Do Something that Actually Dissuades and Stops Killers

by Don

I am sympathetic with Ben Fordham’s call, in his 12/19 letter to the editor of The Citizen of Laconia (, to “DO something“. We should do something that works. What we have been doing fails because it has been based on fantasy, not realism.

We have established “gun free zones” to protect children and others, but “gun free zones” only protect the killers and serve up unprotected victims.

Fordham apparently wonders why people want guns for protection since we have so much law enforcement, police, FBI, etc. If law enforcement is the answer, then why are there so many dead in Newtown? Newtown is evidence of the truth of the NRA claim, “when seconds count, the police are minutes away.”

There are gut wrenching questions about weapons, violence, crime, and evil that we don’t want to address (just like many people postpone writing wills and healthcare proxies, etc.) because the topic is discomforting. When something like Newtown happens, many politicians claim they are doing something by promoting good sounding, but ineffective remedies. If we want to save lives, we have to address these issues honestly and realistically.

First, no one advocates unrestricted access to guns (even criminals don’t want everyone to have guns, just them). Clearly some people have demonstrated by their actions that they are not responsible enough to have legal access to a gun, e.g., felons, the mentally ill.

Second. Gun laws don’t stop criminals from getting guns, they only keep law abiding people from being able to protect themselves. With more than 1 million people annually crossing our borders illegally and with hundreds, if not thousands, of tons of illegal drugs entering the country annually, it is a fantasy to believe that criminals won’t get and use guns no matter how strict our gun laws.

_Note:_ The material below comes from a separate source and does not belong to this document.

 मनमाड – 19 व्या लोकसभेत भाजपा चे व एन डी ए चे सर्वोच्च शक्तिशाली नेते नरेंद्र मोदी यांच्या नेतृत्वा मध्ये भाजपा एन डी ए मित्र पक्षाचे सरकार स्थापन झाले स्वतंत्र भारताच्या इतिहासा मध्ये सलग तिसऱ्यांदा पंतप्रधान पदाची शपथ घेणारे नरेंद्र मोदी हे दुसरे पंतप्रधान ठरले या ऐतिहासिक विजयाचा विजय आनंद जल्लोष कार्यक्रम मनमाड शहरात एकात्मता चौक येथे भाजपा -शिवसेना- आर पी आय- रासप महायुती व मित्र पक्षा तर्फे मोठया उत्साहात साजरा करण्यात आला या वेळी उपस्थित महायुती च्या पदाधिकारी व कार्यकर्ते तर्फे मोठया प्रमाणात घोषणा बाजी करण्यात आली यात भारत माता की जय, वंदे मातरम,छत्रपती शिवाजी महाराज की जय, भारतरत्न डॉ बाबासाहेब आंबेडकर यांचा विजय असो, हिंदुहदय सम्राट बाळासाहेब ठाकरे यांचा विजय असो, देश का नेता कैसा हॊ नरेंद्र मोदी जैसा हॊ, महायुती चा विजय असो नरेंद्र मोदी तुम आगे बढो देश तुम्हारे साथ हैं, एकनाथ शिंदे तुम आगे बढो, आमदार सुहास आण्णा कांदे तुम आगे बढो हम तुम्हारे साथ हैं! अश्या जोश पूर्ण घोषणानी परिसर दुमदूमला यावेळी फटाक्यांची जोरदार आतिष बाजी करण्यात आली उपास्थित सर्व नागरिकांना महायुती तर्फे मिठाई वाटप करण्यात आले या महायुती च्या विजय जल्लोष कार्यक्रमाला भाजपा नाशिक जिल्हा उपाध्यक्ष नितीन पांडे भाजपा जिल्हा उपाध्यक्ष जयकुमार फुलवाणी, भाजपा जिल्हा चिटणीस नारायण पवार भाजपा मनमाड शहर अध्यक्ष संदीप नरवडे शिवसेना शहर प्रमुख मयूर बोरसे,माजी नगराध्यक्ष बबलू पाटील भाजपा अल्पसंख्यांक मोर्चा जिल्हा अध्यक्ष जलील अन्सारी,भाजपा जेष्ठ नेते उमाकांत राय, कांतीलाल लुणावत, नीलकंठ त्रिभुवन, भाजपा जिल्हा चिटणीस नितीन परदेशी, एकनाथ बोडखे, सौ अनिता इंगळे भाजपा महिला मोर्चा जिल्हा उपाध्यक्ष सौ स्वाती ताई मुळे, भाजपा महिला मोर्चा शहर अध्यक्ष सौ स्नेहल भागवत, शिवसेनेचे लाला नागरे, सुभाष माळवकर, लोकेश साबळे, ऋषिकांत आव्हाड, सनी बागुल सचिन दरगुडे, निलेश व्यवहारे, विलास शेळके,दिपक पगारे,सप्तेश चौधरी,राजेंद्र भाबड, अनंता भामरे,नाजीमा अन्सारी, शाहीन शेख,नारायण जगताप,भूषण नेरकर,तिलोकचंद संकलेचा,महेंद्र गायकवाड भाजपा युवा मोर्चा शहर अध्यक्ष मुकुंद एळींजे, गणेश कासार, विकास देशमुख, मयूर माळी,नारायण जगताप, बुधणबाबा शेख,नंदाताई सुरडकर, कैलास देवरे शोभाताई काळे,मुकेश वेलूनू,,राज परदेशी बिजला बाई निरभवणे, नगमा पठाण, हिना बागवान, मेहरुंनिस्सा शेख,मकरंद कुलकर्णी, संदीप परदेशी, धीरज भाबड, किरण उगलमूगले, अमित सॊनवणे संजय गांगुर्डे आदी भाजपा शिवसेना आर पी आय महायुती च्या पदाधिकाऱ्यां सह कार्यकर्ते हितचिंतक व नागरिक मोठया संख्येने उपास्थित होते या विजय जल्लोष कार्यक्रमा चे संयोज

Also, cities and states with stricter gun laws generally have more violence and gun related crime than places with more lenient gun laws (where intended victims might be able to defend themselves). Even with its very strict gun laws, there are more people shot to death in Chicago every month than at Newtown.

Third. Despite Mayor Blumberg’s lies, other countries also have mass public killings. Norway, Scotland, Germany, and others where public mass killings occurred have strong nationwide anti-gun laws…ignored by killers.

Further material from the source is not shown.